Sed command garbled question

for j in $(cat ${list_B})
do
to_replace_2=$(grep $j ${useralias}_2)
sed "s/^${j}/${to_replace_2}/p" ${entries} > ${entries}_2
mv ${entries}_2 ${entries}
done

Hi,
I've the above sed command running in a script. Its basically looping through a file and replacing its beginning of line grep'd match in another file.. It works 90% of the time but sometimes i'll get a garbled error like the one below.. The var ${to_replace_2} can contain any random string of characters.

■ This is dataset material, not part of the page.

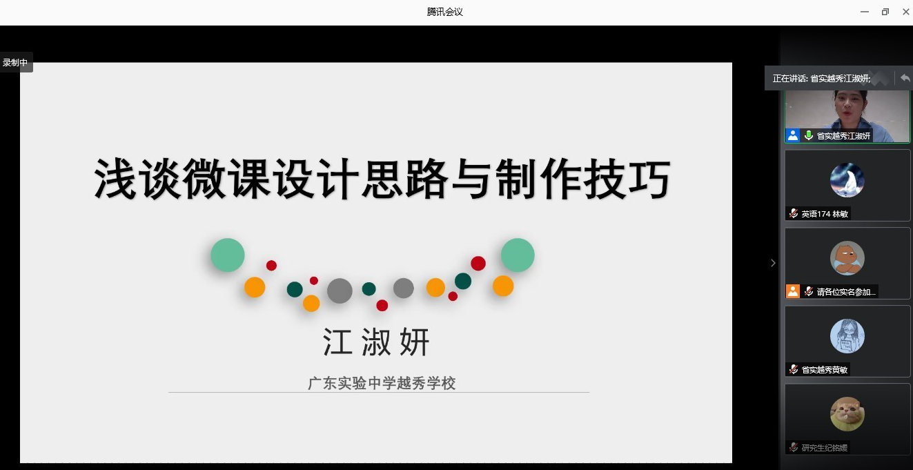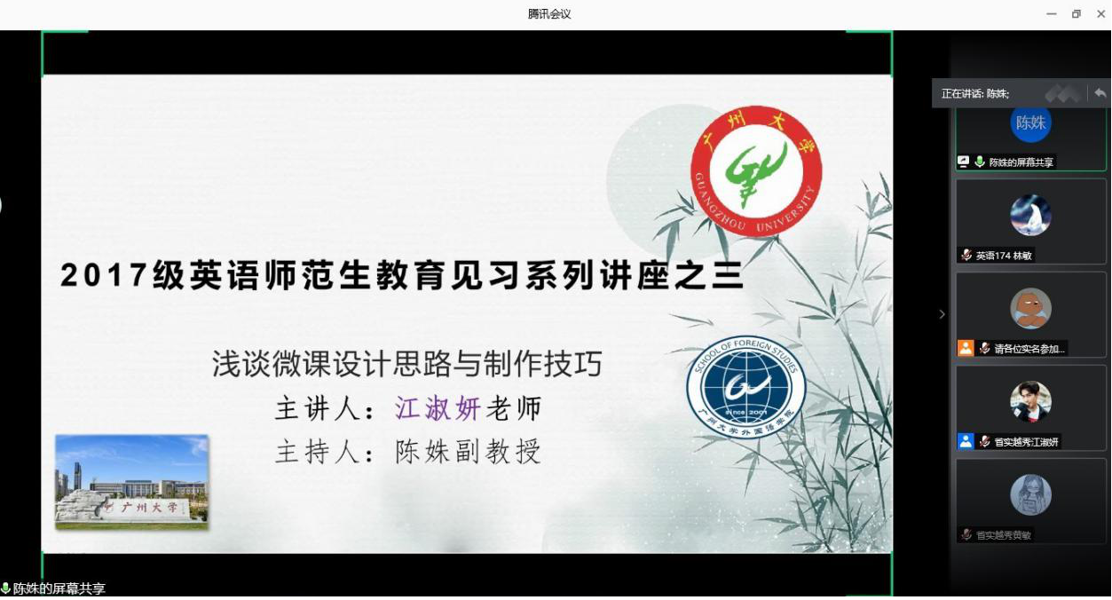 715日下午,来自广东实验中学越秀学校的初三级英语教师江淑妍老师带来了一场题为“浅谈微课设计思路与制作技巧”的线上讲座。讲座由陈姝副教授主持,英语师范教研室老师、17级所有师范生、其他年级部分师范生、毕业校友和High漫画 教育实践基地一线教师等共200多人齐聚腾讯会议,共同参与这一场线上教学讲座盛宴。

I've also tried to use different separators but that didn't work either..

Not sure why it works for some and not others..

sed: command garbled: s/^CCMAIL/CCMAIL=wa990097

Can anyone help?

You know that some characters are special to seds command language, don't you? For instance:

x="abc" ; y="def"
sed "s/$x/$y/" /path/to/input > /path/to/output

will work as expected, but:

x="ab/c" ; y="def"
sed "s/$x/$y/" /path/to/input > /path/to/output

will not (and changing the delimiters will only move the problem around, because now some other character will cause the problem). The following even will work, but not in the expected way:

x="ab*c" ; y="def"
sed "s/$x/$y/" /path/to/input > /path/to/output

The only real solution to this is to escape the problematic characters and this is done by prepending them with backslashes:

x="ab/c" ; y="def"
x="$(sed 's/\/\\&/')"
sed "s/$x/$y/" /path/to/input > /path/to/output

Here is a quick (and unrefined!) solution which escapes the problematic characters. Use at your own risk:

sed 's/\[/\\&/g
     s/\]/\\&/g
     s/[/*?{}]/\\&/g'

I hope this helps.

bakunin

Hi thanks for the response.. I do understand that sed has some characters that are special to the command language..

I don't quite see how your above example would fit into my for loop?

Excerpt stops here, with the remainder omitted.